[6-2]懐かしい温度と折れない心


 メルトが、白竜のことを覚えていなくても夢に見ていたように、僕も、思いだせないけど過去のことだとわかる夢を、時々見ていた。


 夢の中で僕は誰かのあとを追いかけ回し、抱きついて甘えてた。

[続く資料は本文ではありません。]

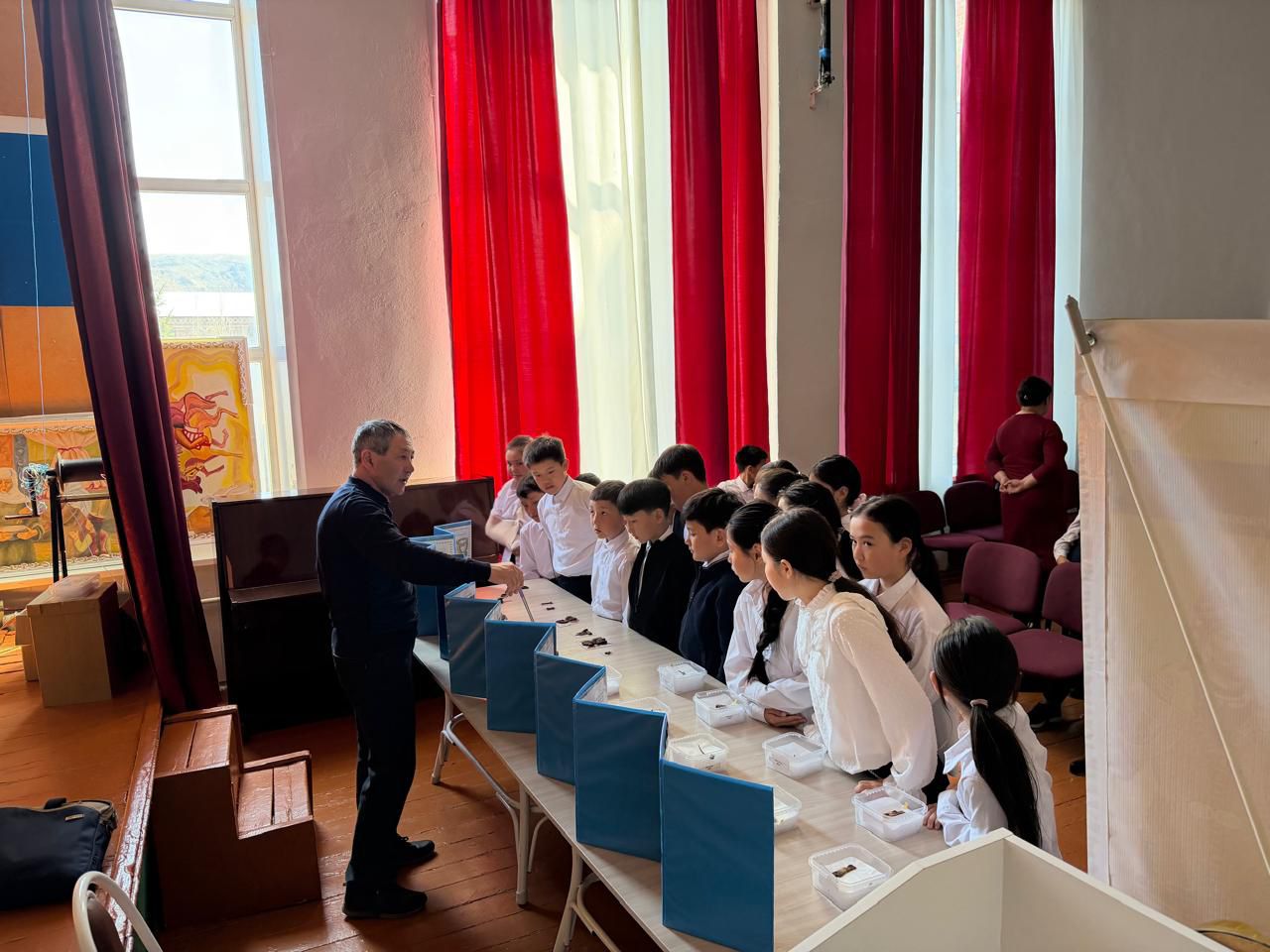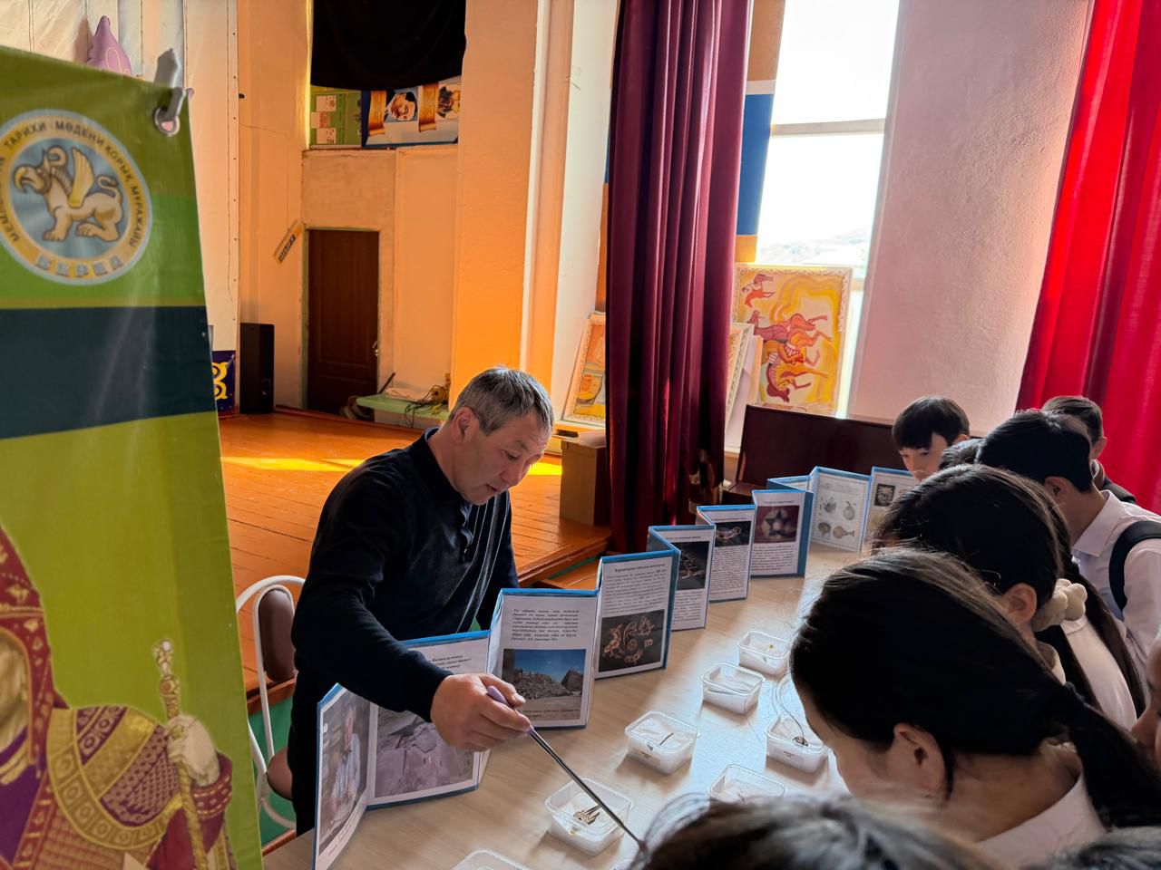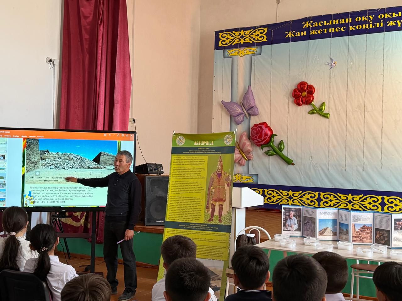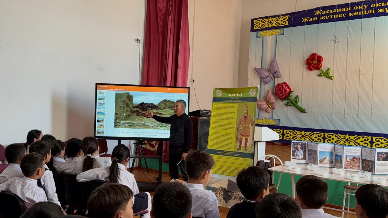 Шілікті қорғандары бойынша экскурсия жетекшісі Зайсан ауданы, Кеңсай ауылындағы орта мектеп оқушыларына Шілікті жазығының «Патшалар мекені» атты көшпелі көрмесін өткізді.

僕よりずっと背の高いその人は、聞き取れない言葉で僕に呼びかけ優しく僕をなでてくれる。

 僕にとっての兄といえば僕を拾ってくれた養父の実子である二人の兄たちで、彼らは種族の違う僕を本当の弟みたいに可愛がってくれた。だから、種族や血のつながりによる溝を感じたことはない。


 でも、そんなふうに兄たちを慕うようになる裏側で、僕は僕の中に残るの面影を追い求めていたのかもしれない。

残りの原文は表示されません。